Só aos 45 minutos a Espanha voltaria a criar perigo por Diego Costa. Lançado por Nacho, o avançado rematou esforço, perante a saída de Akinfeev. A bola passou a frente da baliza e foi ter com Isco no outro lado.

No segundo tempo só Isco tentava derrubar o muro russo. O criativo do Real Madrid ia espalhando magia no relvado do Estádio Luzhniki mas era pouco. Asensio e David Silva não ajudavam, pelo que Hierro teve de lançar Iniesta e Aspas nos lugares de Silva e Diego Costa. Perdia uma referência na área mas ganhava mobilidade na frente. Daniel Carvajal também entrou para o posto de Nacho, numa tentativa de dar mais profundidade no corredor direito. Do lado russo, o técnico Stanislav Cherchesov, que já tinha trocado Yuri Zhirkov por Vladimir Granat ao intervalo, meteu Cheryshev e Smolov em campo, nos lugares de Dzyuba e Samedov.
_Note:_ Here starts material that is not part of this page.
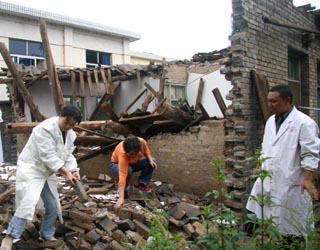 8月31日15時多,幾位醫(yī)務(wù)人員在會理縣黎溪鎮(zhèn)會南人民醫(yī)院倒塌的房屋前收拾殘局。新華社記者:陳海寧 攝
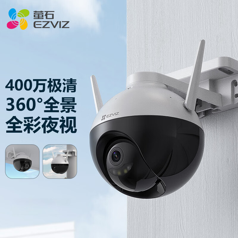 萤石(EZVIZ)C8W 4mm 400万 无线WiFi室外双云台360°摄像头 人形检测 H.265编码

Com o jogo a caminhar para o prolongamento, só aos 86 minutos se viu um lance de verdadeiro perigo, numa triangulação atacante dos espanhóis. Alba centrou, Aspas assistiu Iniesta de peito para um remate travado com dificuldades pelo guarda-redes russo.

No prolongamento os dois técnicos aproveitaram para fazer história em jogo de seleções com uma quarta substituição (passou a ser permitida pela FIFPro mas só no prolongamento), com Aleksandr Yerokhin e Rodrigo a entrar na Rússia e Espanha, respetivamente. Nos 30 minutos extra, Kudryashov e Ignashevich evitaram o golo de Aspas aos 92. Aos 110, foi Rodrigo a protagonizar a derradeira jogada de perigo, num arrancada pela direita, mas o remate foi travado por Akinfeev. Na recarga, Aspas rematou para a baliza mas Ignashevich cortou em cima da linha de golo.

Nas grandes penalidades, Koke e Iago Aspas (Sergio Ramos e Iniesta marcaram) falharam para a Espanha. Os quatro russos que marcaram, converteram os remates: Fedor Smolov, Sergei Ignashevich, Aleksandr Golovin e Denis Cheryshev. Destaque para Akinfeev: o guarda-redes russo esteve em destaque nos 120 minutos e, nas grandes penalidades, defendeu dois remates, ao contrário de De Gea que não conseguiu parar nenhum.

Tal como aconteceu no Mundial 2002, a Espanha volta a cair nas grandes penalidades perante a seleção da casa. Os russos vã defrontar o vencedor do Croácia - Dinamarca. França e Uruguai também já estão nos 'quartos'.